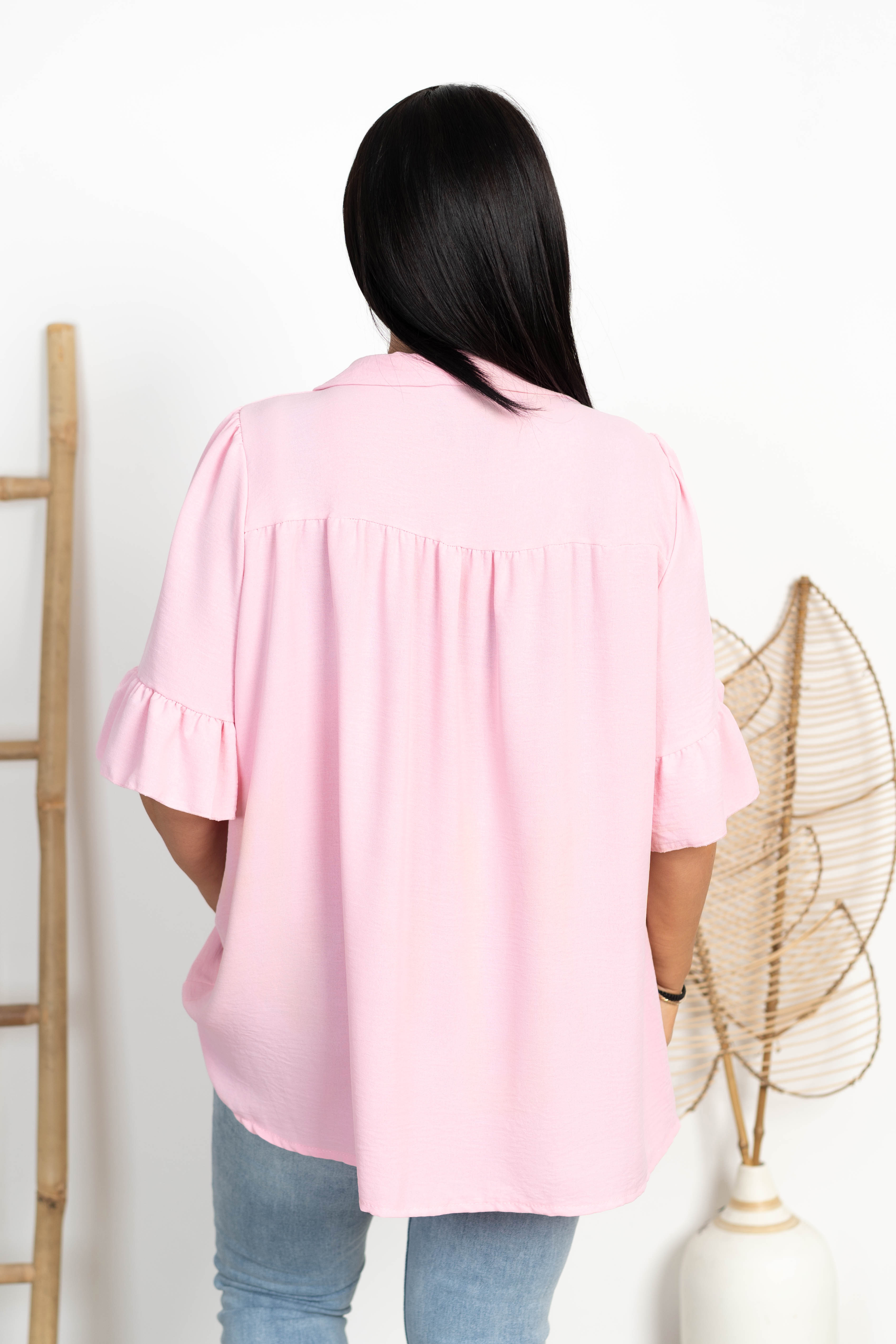 Koszula z crepy marszczona SKAY pudrowa Plus Size 46/54
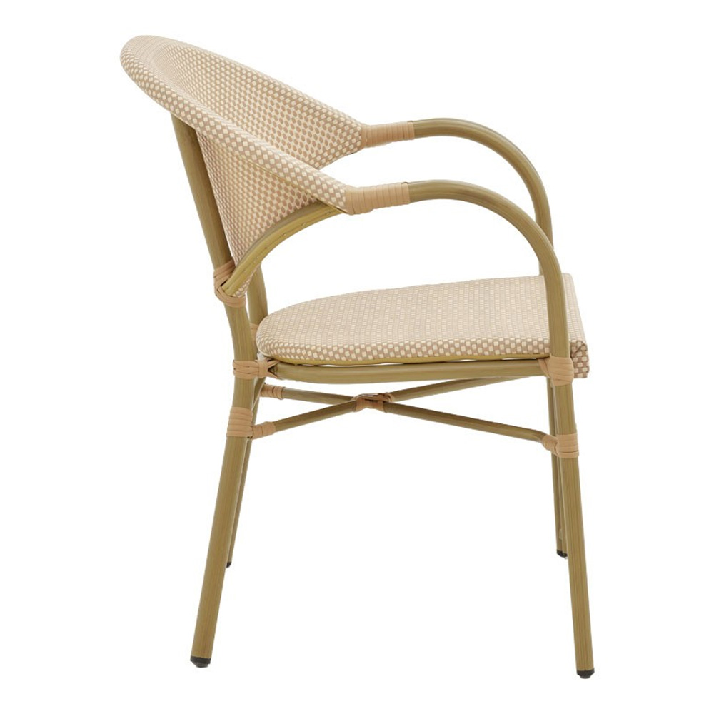 * Επένδυση καθίσματος με εξαιρετικής ποιότητας ύφασμα textilene. Το textilene είναι πλενόμενο και ανθεκτικό στις συνθήκες του εξωτερικού πέριβάλλοντος (ηλιακή ακτινοβολία, υγρασία).
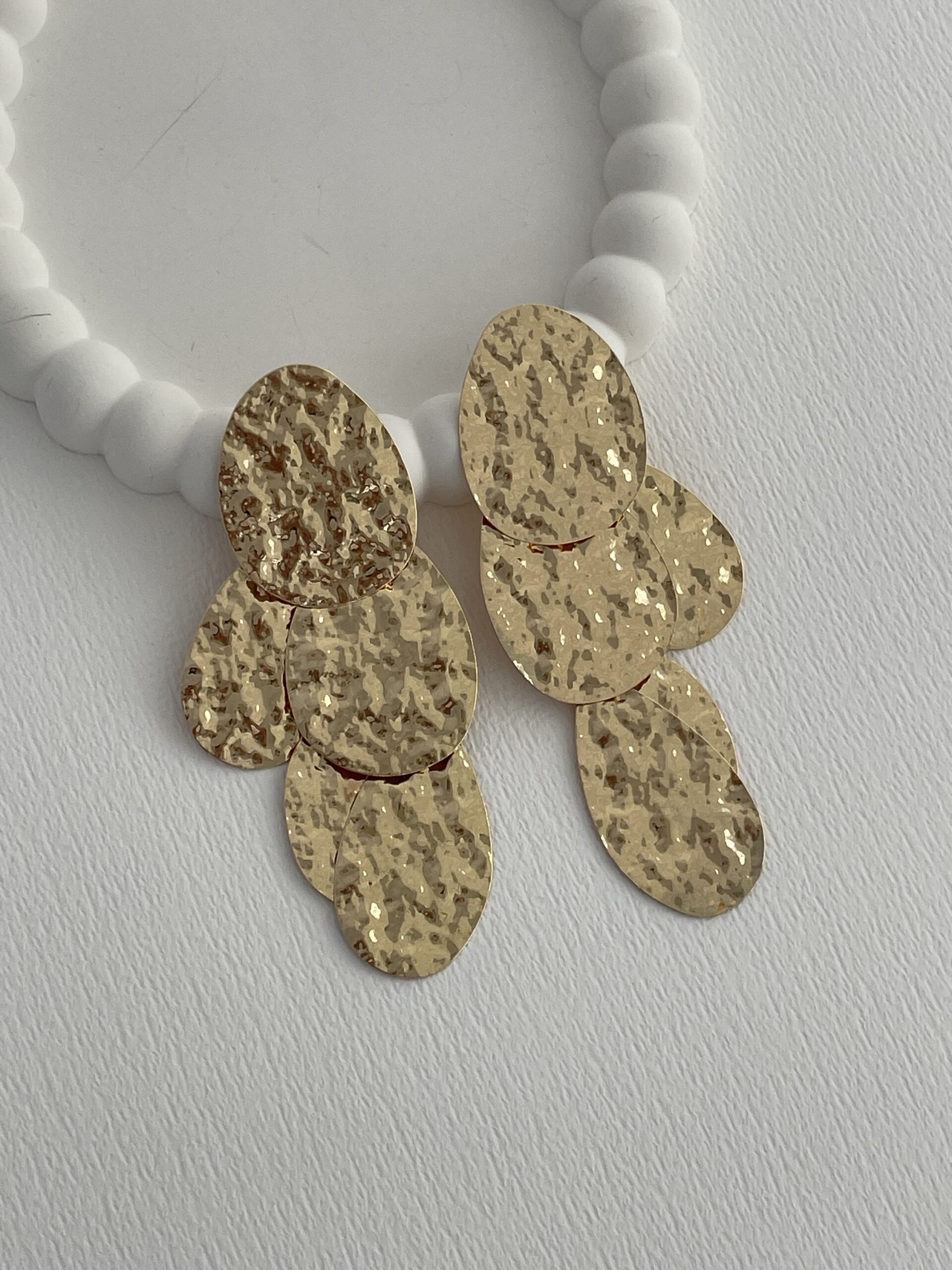 Özel Seri Maksi Boy Desenli Çoklu Oval Tasarım Gold Küpe
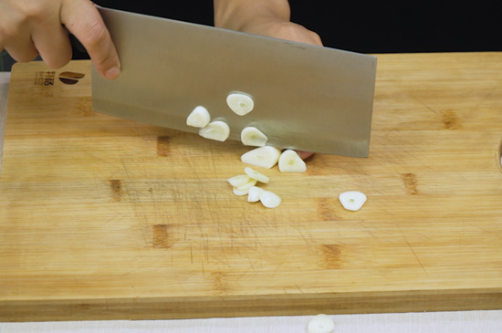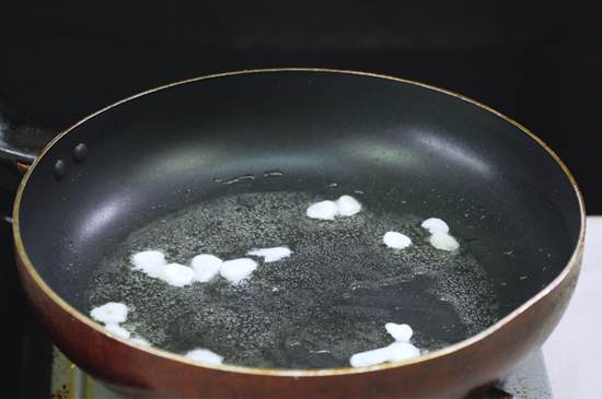2、起锅烧油,油热后放入蒜片炒出香味。

Requirement> Print the stretch of the data from the line with "(ηλιακή ακτινοβολία, υγρασία)." through its last line, exactly and with both ends kept. Omit pictures.

Written solution>
 * Επένδυση καθίσματος με εξαιρετικής ποιότητας ύφασμα textilene. Το textilene είναι πλενόμενο και ανθεκτικό στις συνθήκες του εξωτερικού πέριβάλλοντος (ηλιακή ακτινοβολία, υγρασία).
 Özel Seri Maksi Boy Desenli Çoklu Oval Tasarım Gold Küpe
2、起锅烧油,油热后放入蒜片炒出香味。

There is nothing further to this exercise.